**What the task requires:**
Would you retype exactly the lines below, starting with the one that has "2024年第四季度困難職工幫扶資金發(fā)放公示" and going on through the one that has "Нам нравятся остатки", with no pictures and nothing else?

**Data for the task:**
────────────────────

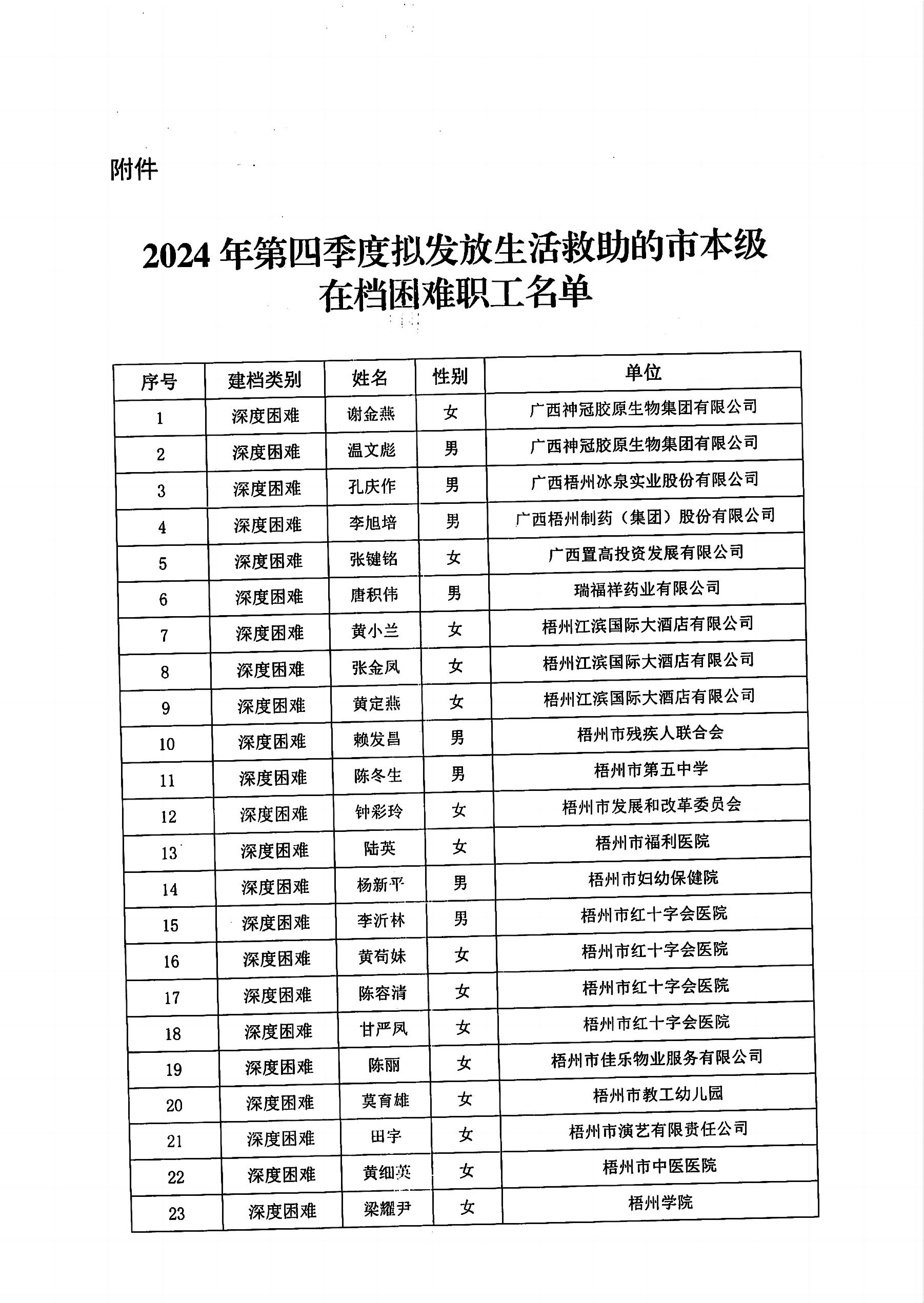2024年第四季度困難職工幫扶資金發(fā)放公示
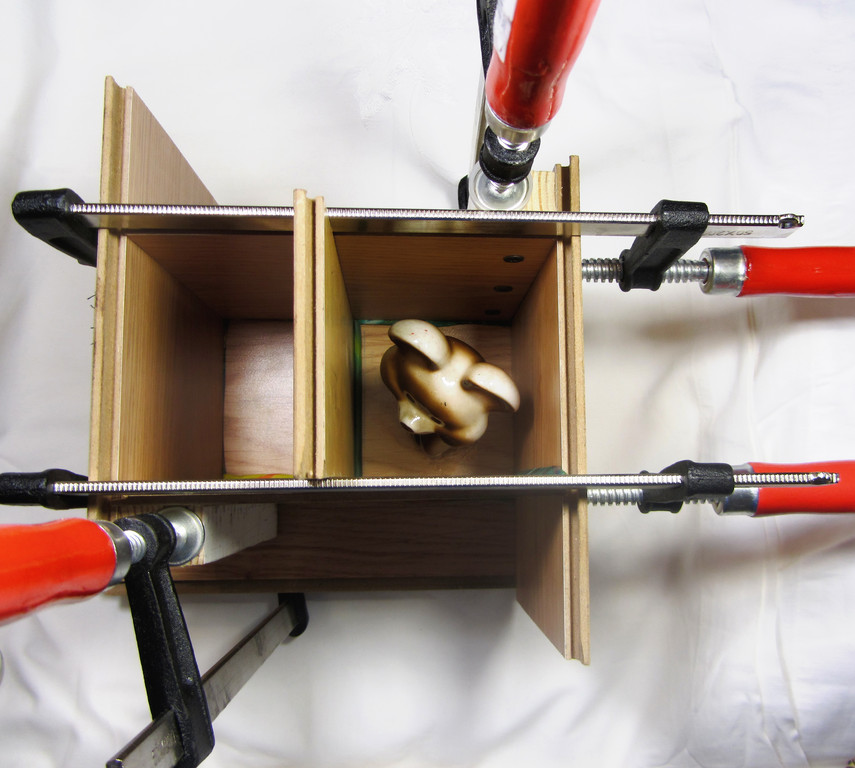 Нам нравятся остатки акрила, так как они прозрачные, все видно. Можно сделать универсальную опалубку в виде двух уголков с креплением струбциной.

────────────────────

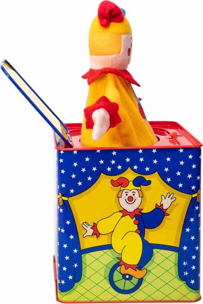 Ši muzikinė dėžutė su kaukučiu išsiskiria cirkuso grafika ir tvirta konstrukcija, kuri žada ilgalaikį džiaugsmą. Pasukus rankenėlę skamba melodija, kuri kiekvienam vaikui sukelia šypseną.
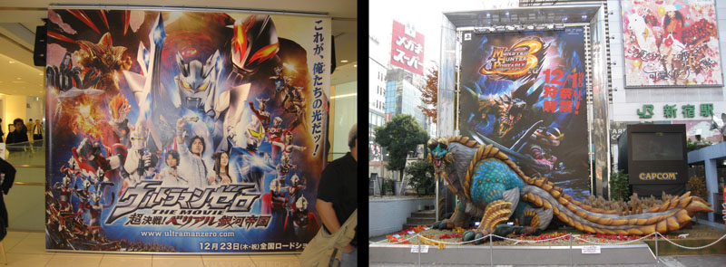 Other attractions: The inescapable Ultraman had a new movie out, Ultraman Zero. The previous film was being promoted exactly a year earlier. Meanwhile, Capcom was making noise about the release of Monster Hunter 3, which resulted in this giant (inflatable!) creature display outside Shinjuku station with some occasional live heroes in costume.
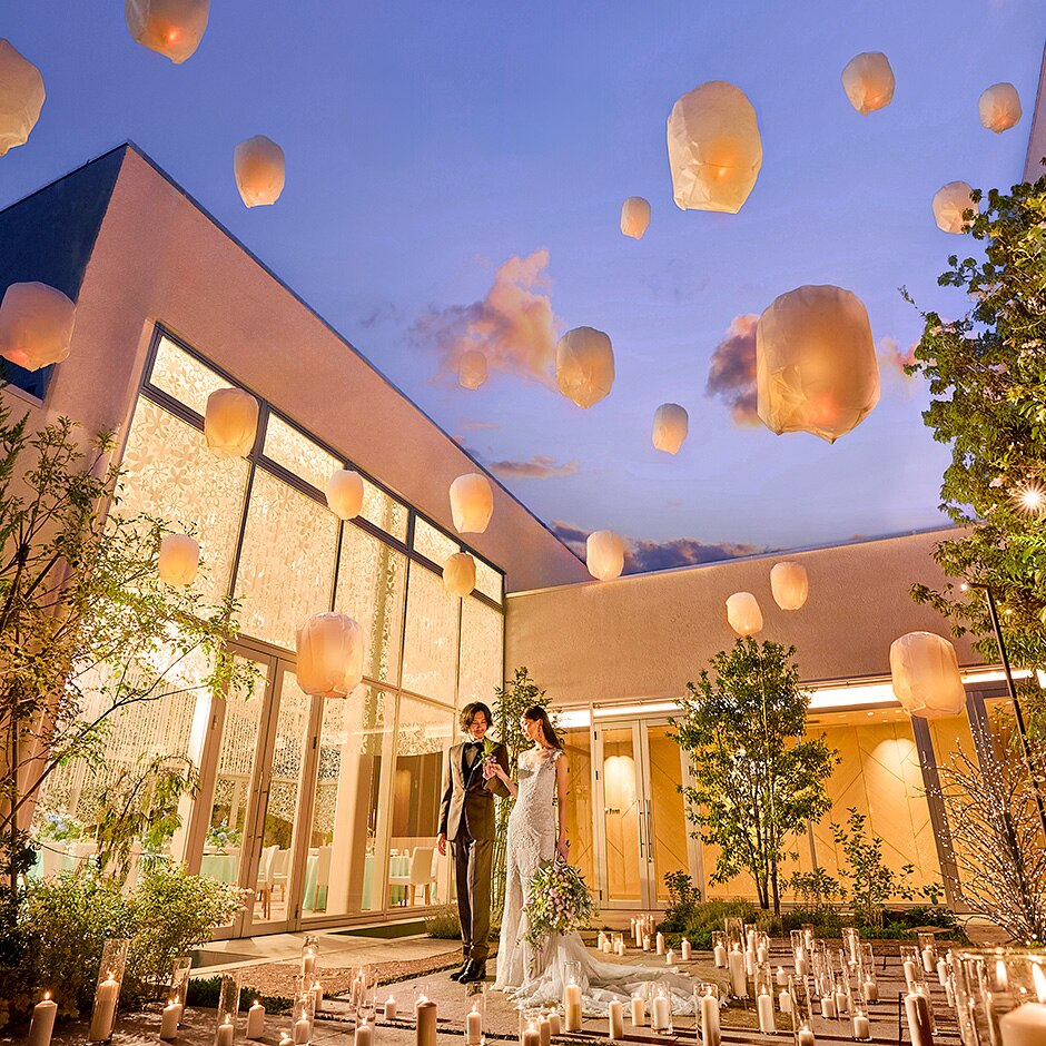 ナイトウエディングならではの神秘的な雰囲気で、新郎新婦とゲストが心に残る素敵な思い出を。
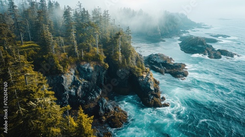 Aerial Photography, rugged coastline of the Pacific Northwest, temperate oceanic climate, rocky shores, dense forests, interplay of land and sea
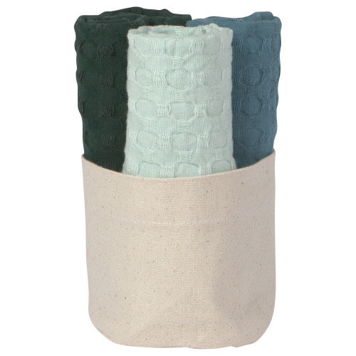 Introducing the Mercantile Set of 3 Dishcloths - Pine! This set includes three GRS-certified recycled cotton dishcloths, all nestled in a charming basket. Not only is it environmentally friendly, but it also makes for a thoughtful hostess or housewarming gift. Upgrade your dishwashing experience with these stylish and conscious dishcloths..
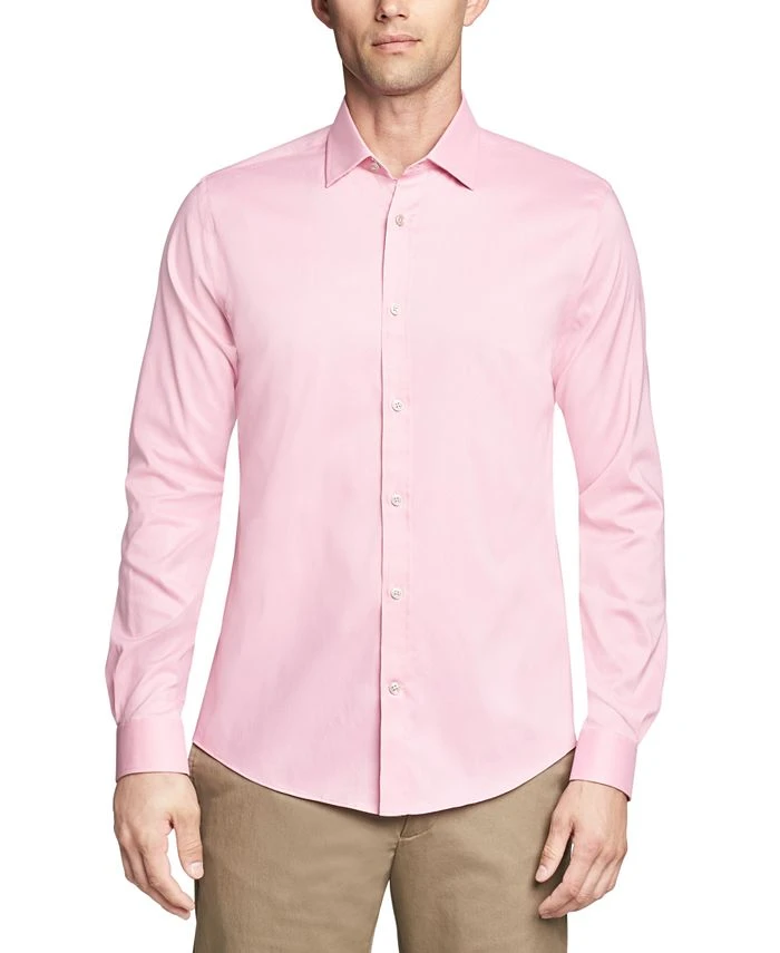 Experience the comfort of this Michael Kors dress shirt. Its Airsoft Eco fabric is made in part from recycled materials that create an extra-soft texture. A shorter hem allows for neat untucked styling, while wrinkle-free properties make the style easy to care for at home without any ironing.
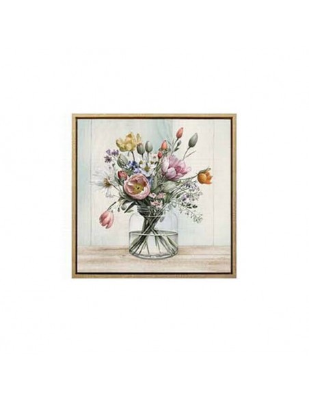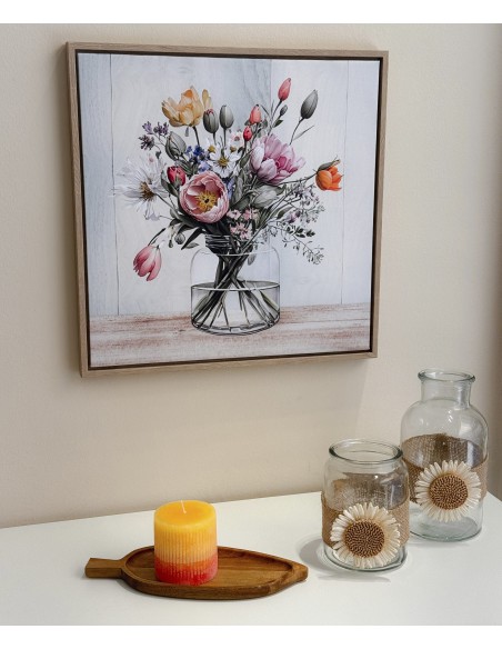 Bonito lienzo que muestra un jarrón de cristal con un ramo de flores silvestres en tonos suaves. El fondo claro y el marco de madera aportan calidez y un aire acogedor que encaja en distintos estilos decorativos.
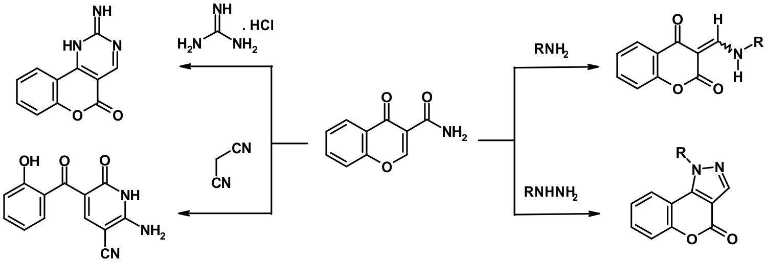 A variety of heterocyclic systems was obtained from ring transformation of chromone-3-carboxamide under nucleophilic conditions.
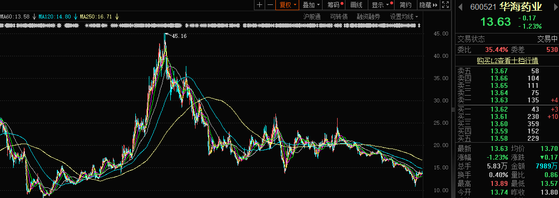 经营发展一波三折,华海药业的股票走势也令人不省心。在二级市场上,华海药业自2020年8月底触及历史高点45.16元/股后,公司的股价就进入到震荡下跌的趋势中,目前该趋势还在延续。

────────────────────

**Written response:**
2024年第四季度困難職工幫扶資金發(fā)放公示
 Нам нравятся остатки акрила, так как они прозрачные, все видно. Можно сделать универсальную опалубку в виде двух уголков с креплением струбциной.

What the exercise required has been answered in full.